** ACTIVITY **
Make an exact copy of every entry, leaving the pictures out.

** DATASET RECORDS **

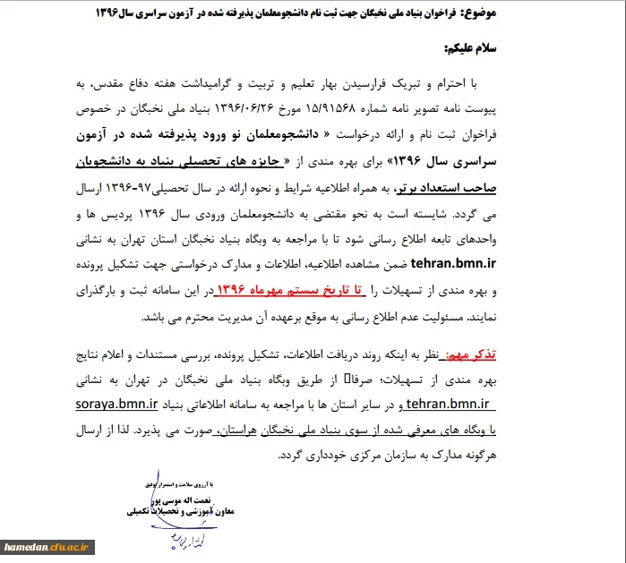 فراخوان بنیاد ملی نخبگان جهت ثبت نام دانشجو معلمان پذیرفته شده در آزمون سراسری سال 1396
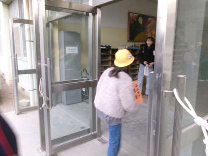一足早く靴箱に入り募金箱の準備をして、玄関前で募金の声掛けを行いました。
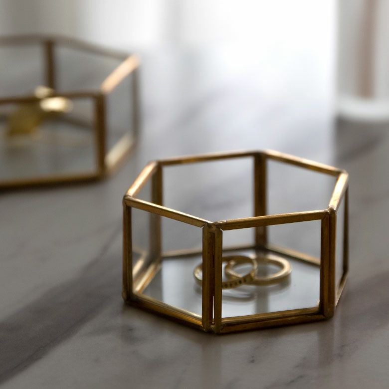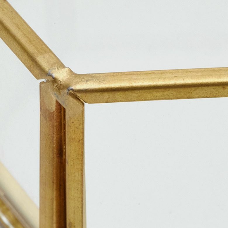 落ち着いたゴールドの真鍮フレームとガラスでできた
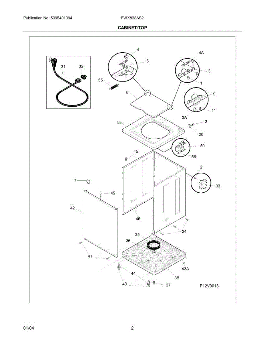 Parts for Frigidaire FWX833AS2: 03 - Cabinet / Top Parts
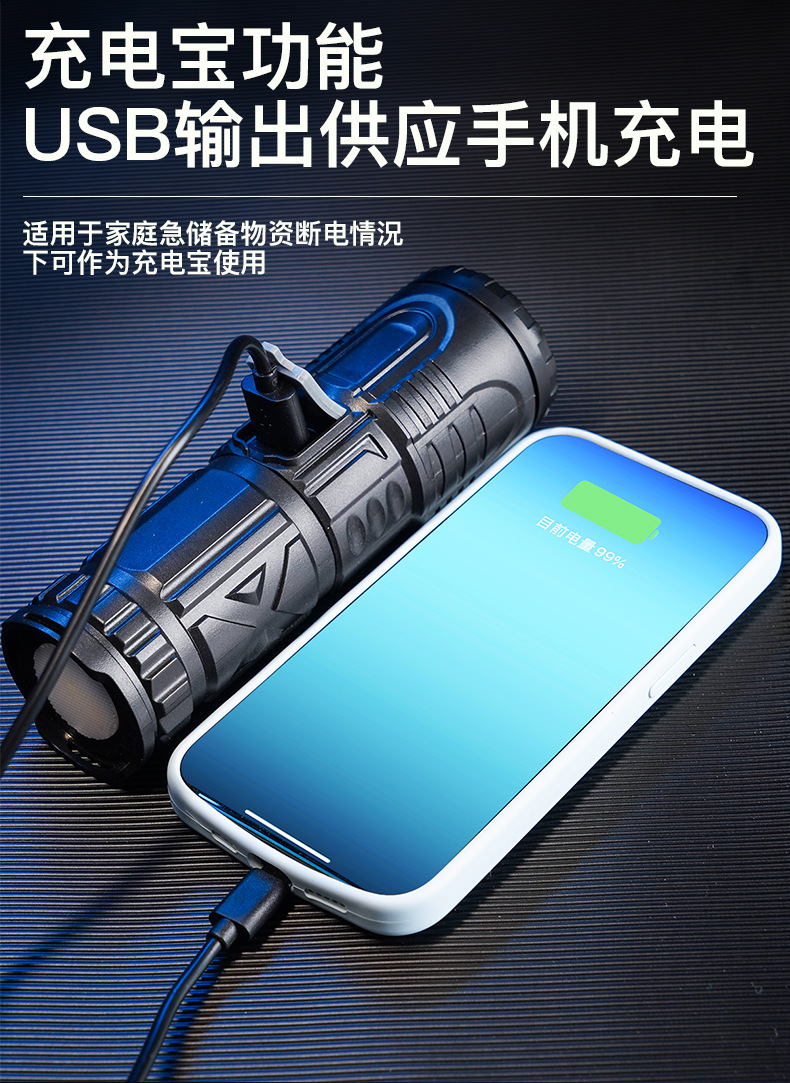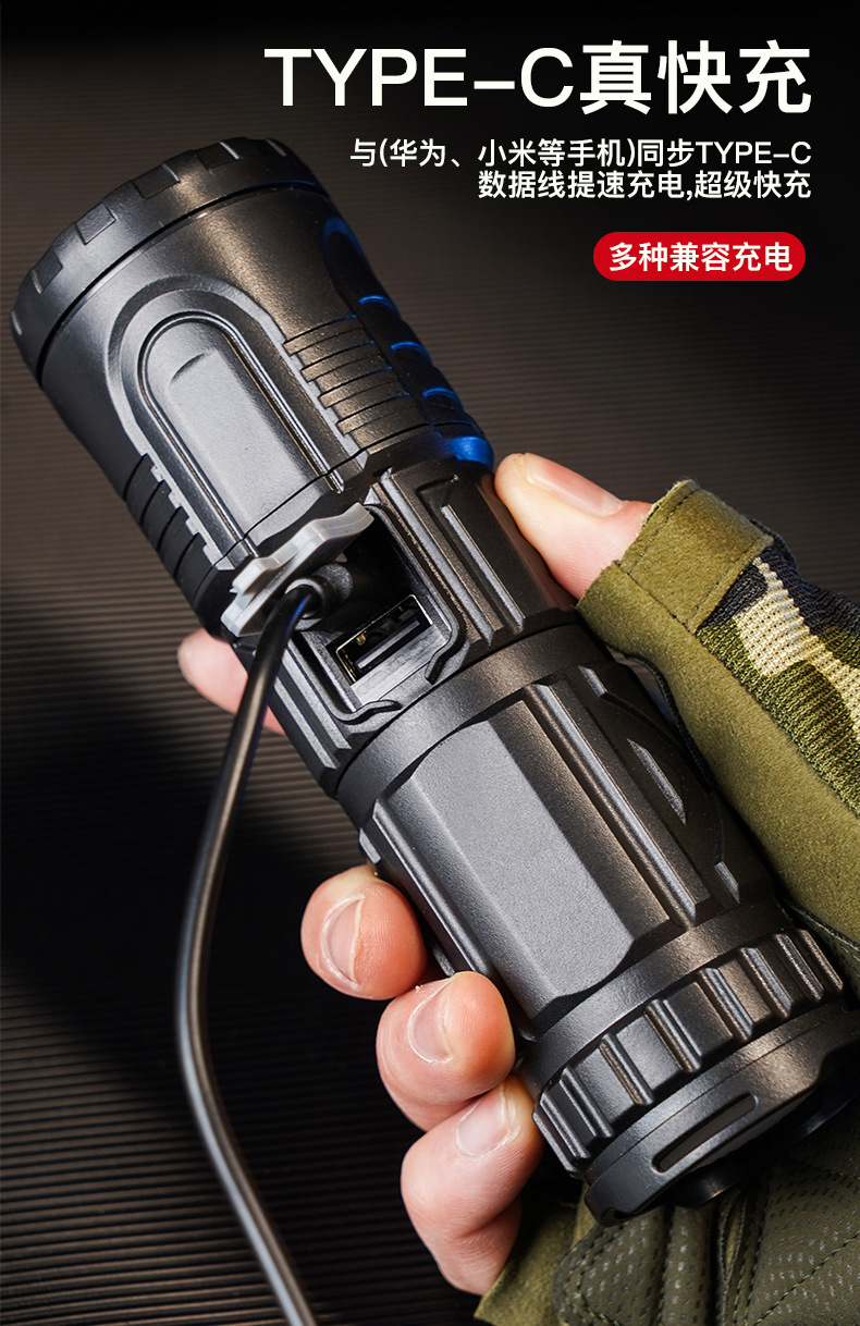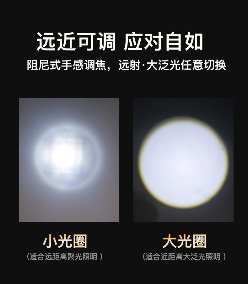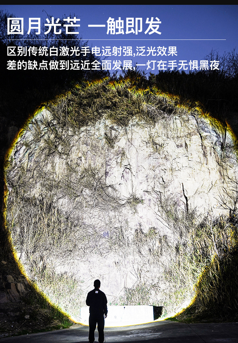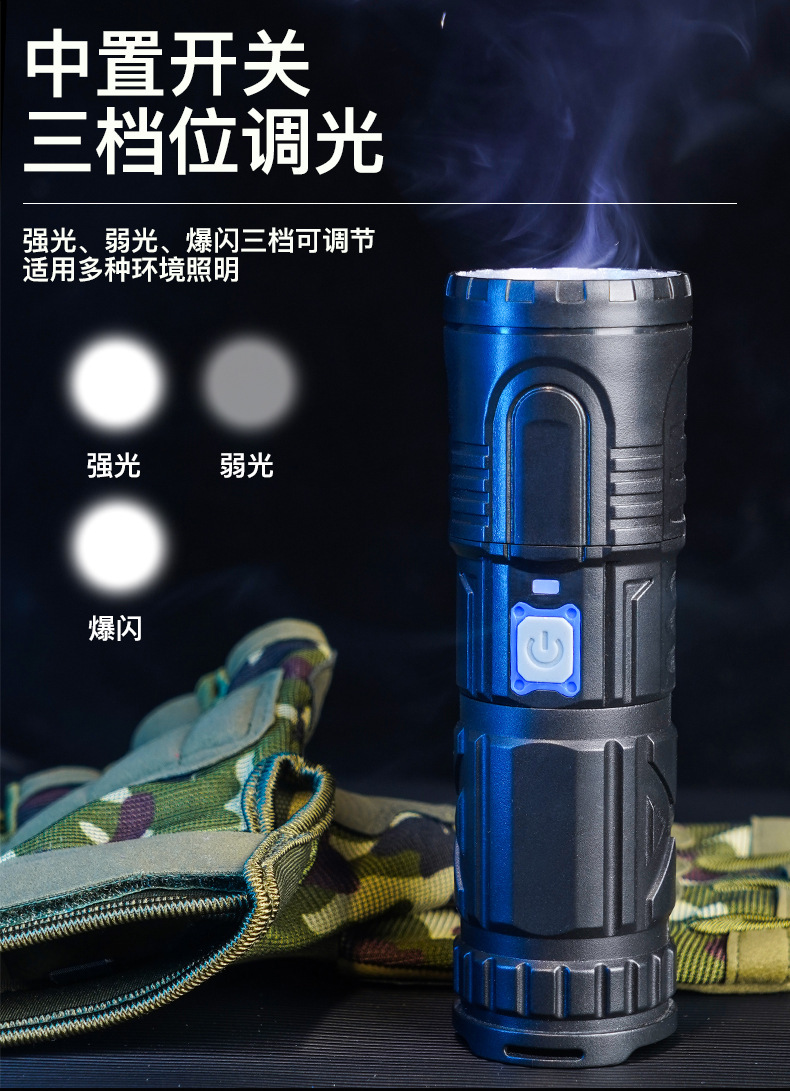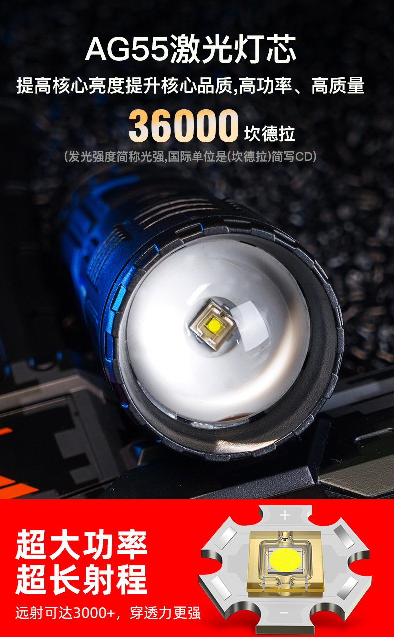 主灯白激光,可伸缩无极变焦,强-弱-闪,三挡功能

** SOLVED PROBLEM **
 فراخوان بنیاد ملی نخبگان جهت ثبت نام دانشجو معلمان پذیرفته شده در آزمون سراسری سال 1396
一足早く靴箱に入り募金箱の準備をして、玄関前で募金の声掛けを行いました。
 落ち着いたゴールドの真鍮フレームとガラスでできた
 Parts for Frigidaire FWX833AS2: 03 - Cabinet / Top Parts
 主灯白激光,可伸缩无极变焦,强-弱-闪,三挡功能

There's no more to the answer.